In a court filing, Carrie Teffner, interim executive chair of Ascena Retail Group, said the planned fleet overhaul represents the “the culmination of a comprehensive, store-by-store performance analysis to identify stores not delivering adequate levels of profitability to justify keeping the store in the company’s real estate portfolio.”

The juniors’ apparel chain Justice and plus-size label Catherines account for about 1,000 stores slated for closure, Teffner said in the court document, noting that landlord negotiations are expected to yield “significant rent savings.” These real estate discussions will influence which other stores are removed from Ascena’s portfolio, which also includes Loft, Lou & Grey and Cacique.

Like many in apparel retail, Ascena is banking on a digital future. Though the company is shutting down Catherines altogether, it plans to hone Justice’s digital footprint to make up for its drastically reduced real-world presence. And while Lou & Grey stores will close, the brand’s offerings will continue to be sold at Ann Taylor Loft stores.

Teffner did not provide any indication of how many employees would remain if Ascena’s footprint shrinks to 1,200 stores. Given the significant number of stores it plans to close, the downsized brick-and-mortar fleet will “result in a substantial number of employees being terminated,” according to a court filing by Ascena’s bankruptcy counsel.
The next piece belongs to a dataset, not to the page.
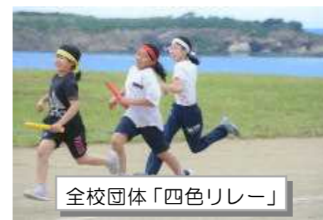
全校団体「四色リレー」
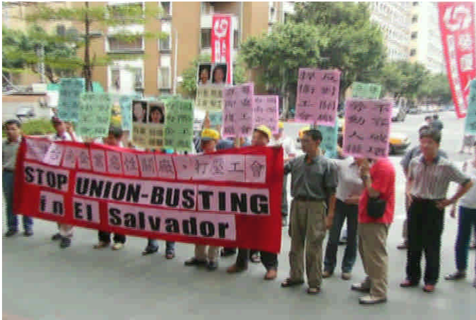
圖 3. 國際串聯聲援行動日，台灣團體在台南企業台北辦事處前抗議

At the end of its fiscal 2019 in August, Ascena had roughly 50,000 employees, with about 40,000, or 80 percent, considered part-time and who most likely account for its thousands of store associates.

Related Stories

Last month, Ascena also said it would pay $5.5 million in incentive awards to its top three executives, which include Teffner and CEO Gary Muto, a move reminiscent of J. C. Penney showering top brass with millions in bonuses just days prior to its bankruptcy filing.

Ascena’s Chapter 11 petition on Thursday put in place a restructuring plan with the support of 68 percent of its term loan lenders. The agreement calls for the conversion of a portion of their debt holding into equity in the reorganized company. They also will backstop a $311.8 million debtor-in-possession financing facility that includes $150 million in new money and a roll up of a portion of their prepetition term loans into the DIP package. Holders of general unsecured claims are expected to receive their pro rata share of $500,000.
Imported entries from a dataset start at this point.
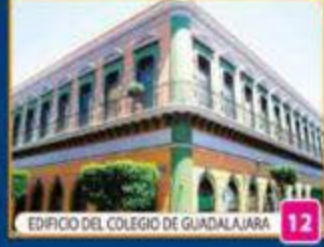
EDIFICIO DEL COLEGIO DE GUADALAJARA 12
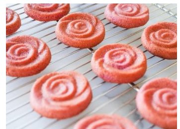
東京ギフトパレット先行販売 「東京ロージア フィナンシェ（ラズベリー）」

※価格はすべて税込価格です。 ※本リリースの画像はイメージです。 ※本リリースの内容は変更になる場合があります。
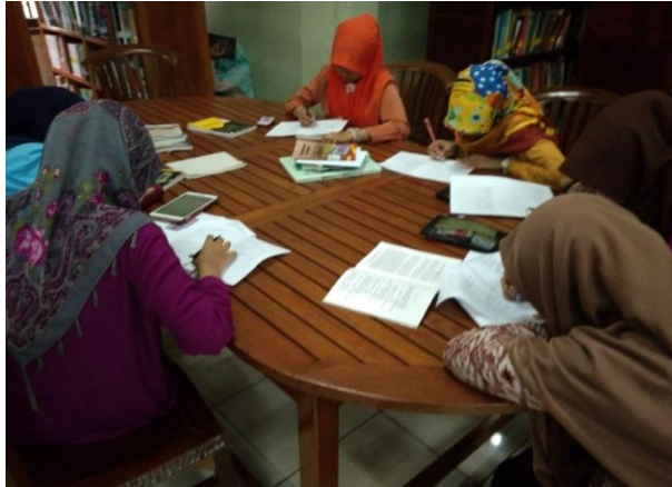
Pemustaka sedang mengisi angket penelitian
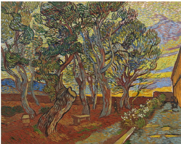
Slika 1. Vincent van Gogh, "Vrt sanatorija"
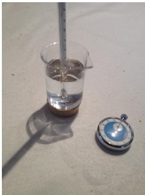
Εικ.1: Η πειραματική διάταξη – μικρό δοχείο

Τα μέρη της πειραματικής μας διάταξης φαίνονται στη φωτογραφία:

The company is in discussions with asset-based lenders for a $400 million ABL exit financing facility, Teffner said.

The petition listed total assets of $13.69 billion and total liabilities at $12.52 billion. Joining Ascena were 64 affiliated entities. Stadium Capital Management and Charles Schwab Investment Management Inc. were the top two equity holders at 9.6 percent and 9.4 percent, respectively. Also listed were David R. Jaffe, Ascena’s former CEO and son of company founders Elliot and Roslyn Jaffe, and his sister Elise, who retain stakes of 6.0 percent stake and 5.1 percent, respectively.
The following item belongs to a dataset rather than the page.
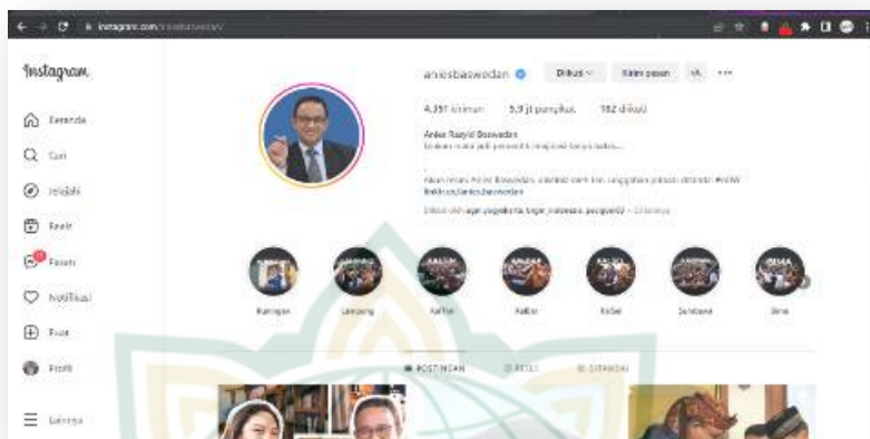
Gambar 4.2 Akun Instagram Anies Baswedan

Pada laman akun Instagram Anies Baswedan memiliki sejumlah pengikut sebanyak 5,9 juta pengikut dan 4.351 postingan atau kiriman di feed instagramnya, tentu pengikut Anies Baswedan di Instagram lebih banyak dari pada pengikutnya di twitter. Pada akun instagramnya Anies menulis bio “Izinkan mata jadi pemantik imajinasi tanpa batas” . Akun tersebut juga dikelola oleh tim media dan unggahan pribadi oleh bapak Anies Baswedan ditandai dengan tagar #ABW.

Among Ascena’s top ten unsecured creditors, five were landlords and the others vendors holding trade claims. The top ten unsecured creditors are: Simon Property Group, Indianapolis, Ind., $31.7 million; Brookfield Partners, New York, N.Y., $16.6 million; Boston Properties Ltd., Boston Mass., $8.8 million; Tanger Properties, Greensboro, N.C., $7.2 million; Pan Pacific Co. Ltd., Seoul, Korea, $6.8 million; MGF Sourcing, Columbus, Ohio, $6.7 million, SAE A Trading Co. Ltd., Seoul, Korea, $6.3 million; Orient Craft, Gurgaon, India, $5.3 million; The Macerich Co., Santa Monica, Calif., $5.3 million, and Hip Sing China Industrial Ltd., Kowloon, Hong Kong, $5.1 million.